**Action item**
From the line containing "23-35 см, чёрный" through the last line of the entries below, print each line exactly. Pictures stay out.

Records contained in a dataset:
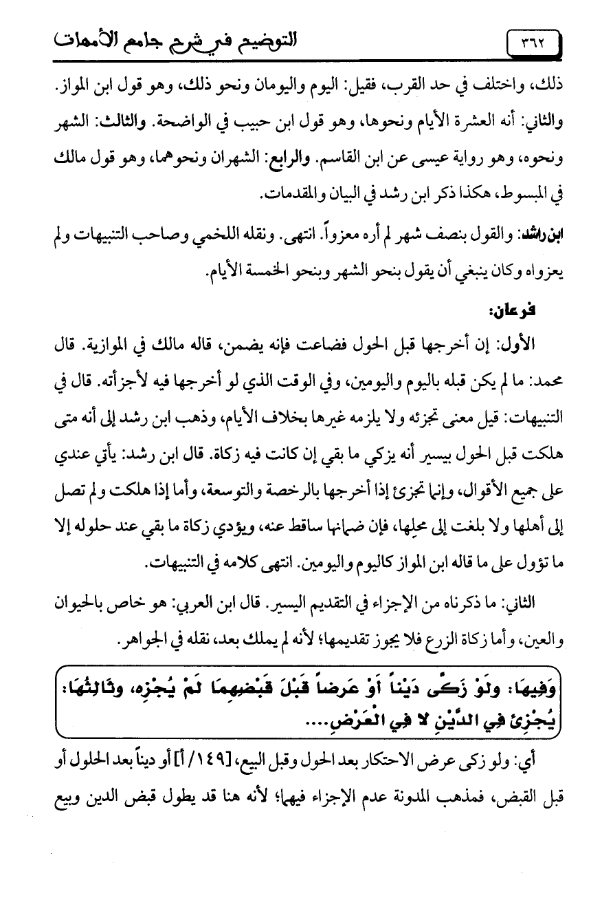 الأول: إن أخرجها قبل الحول فضاعت فإنه يضمن، قاله مالك في الموازية. قال محمد: ما لم يكن قبله باليوم واليومين، وفي الوقت الذي لو أخرجها فيه لأجزأته. قال في التنبيهات: قيل معنى تجزئه ولا يلزمه غيرها بخلاف الأيام، وذهب ابن رشد إلى أنه متى هلكت قبل الحول بيسير أنه يزكي ما بقي إن كانت فيه زكاة. قال ابن رشد: يأتي عندي على جميع الأقوال، وإنما تجزئ إذا أخرجها بالرخصة والتوسعة، وأما إذا هلكت ولم تصل إلى أهلها ولا بلغت إلى محلها، فإن ضمانها ساقط عنه، ويؤدي زكاة ما بقي عند حلوله إلا ما تؤول على ما قاله ابن المواز كاليوم واليومين. انتهى كلامه في التنبيهات.
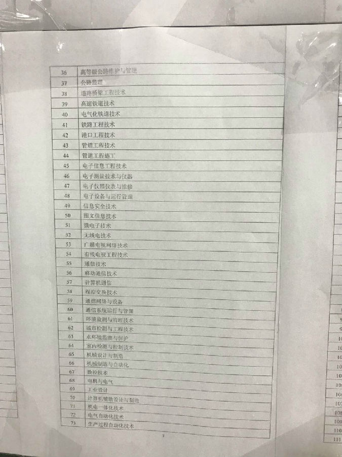 注:本表按教育部現行《普通高等學校高職高專教育指導性專業(yè)目錄(2005年版)》編制。共涉及“土建施工類、工程管理類、建筑設計類、城鎮(zhèn)規(guī)劃與管理類、建筑設備類、市政工程類、房地產類、水利工程與管理類、機械設計制造類、自動化類、電子信息類、通訊類、環(huán)保類、機電設備類、公路運輸類、鐵路運輸類、港口運輸類、管道運輸類、林業(yè)技術類、城市軌道運輸類、水上運輸類、民用運輸類、資源勘查類、水利水電設備類、地質工程與技術類、礦冶工程類、礦物加工類、測繪類、材料類、能源類、電力技術、計算機類、安全類、廣播影視類”等34類133個專業(yè),其中本專業(yè)76個,相近專業(yè)57個。
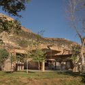 Descripción enviada por el equipo del proyecto. La estructura diseñada para albergar múltiples eventos sociales de carácter corporativo se ubica en un paraje especial, en el límite de la mancha urbana entre el río Sacramento y la Sierra de Nombre de Dios, y se concibe como un habitáculo que se integra y enmarca el paisaje. El pabellón se asienta en la falda del cerro, junto a un muro de mampostería preexistente, entre árboles de gran tamaño y sobre un terraplén conformado para nivelar y elevar las vistas hacia el entorno.
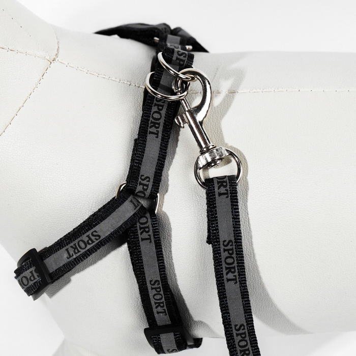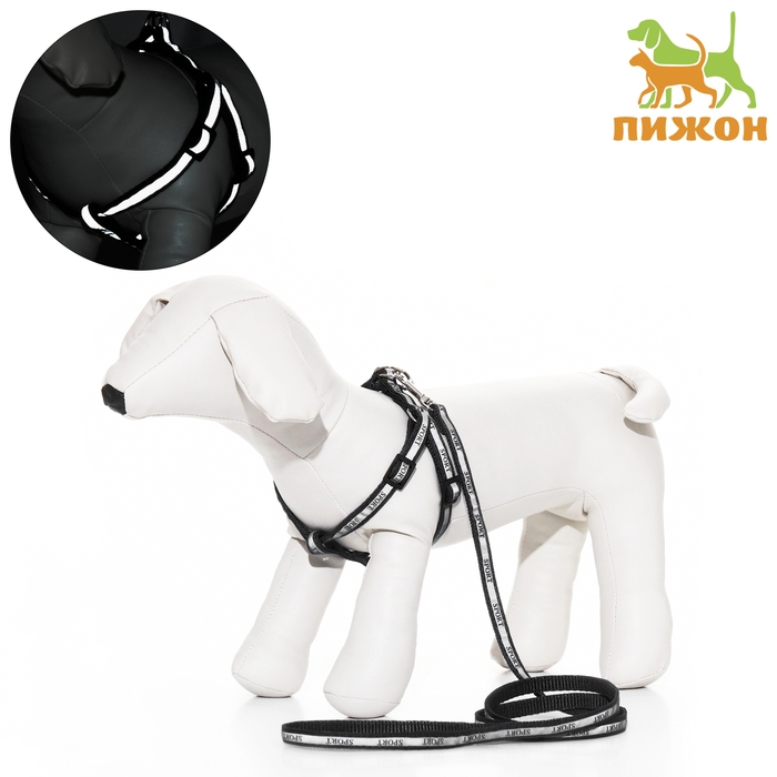 Комплект "Спорт" светоотражающий, поводок 120 х 1 см, ОГ 23-35 см, чёрный
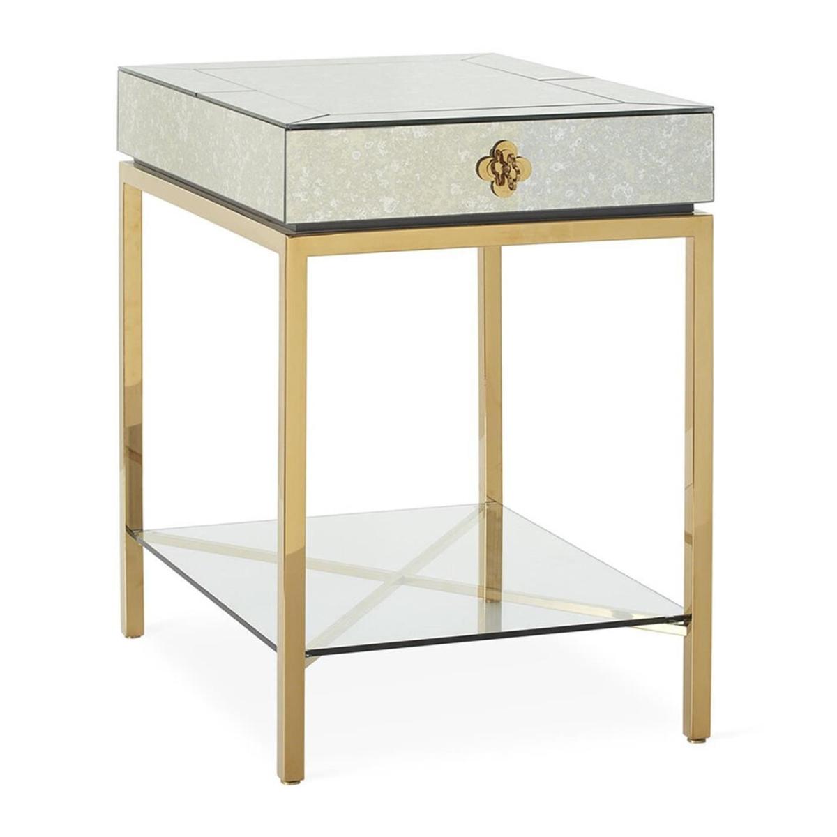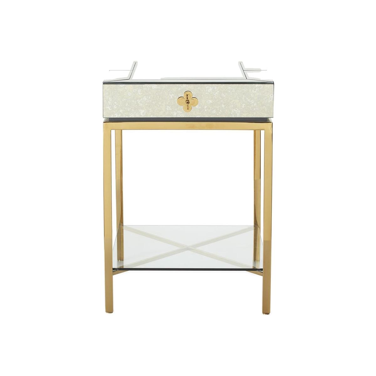 Bring a little luxury into your interior with this Delphine side table from Jonathan Adler. Boasting an antique mirror finish, it features one handy drawer that opens to reveal a Robin’s egg blue lacquer interior. Complete with a polished brass frame and additional glass shelf, this beautiful brass table provides an elegant finishing touch to any space.

**Exercise answer**
 Комплект "Спорт" светоотражающий, поводок 120 х 1 см, ОГ 23-35 см, чёрный
 Bring a little luxury into your interior with this Delphine side table from Jonathan Adler. Boasting an antique mirror finish, it features one handy drawer that opens to reveal a Robin’s egg blue lacquer interior. Complete with a polished brass frame and additional glass shelf, this beautiful brass table provides an elegant finishing touch to any space.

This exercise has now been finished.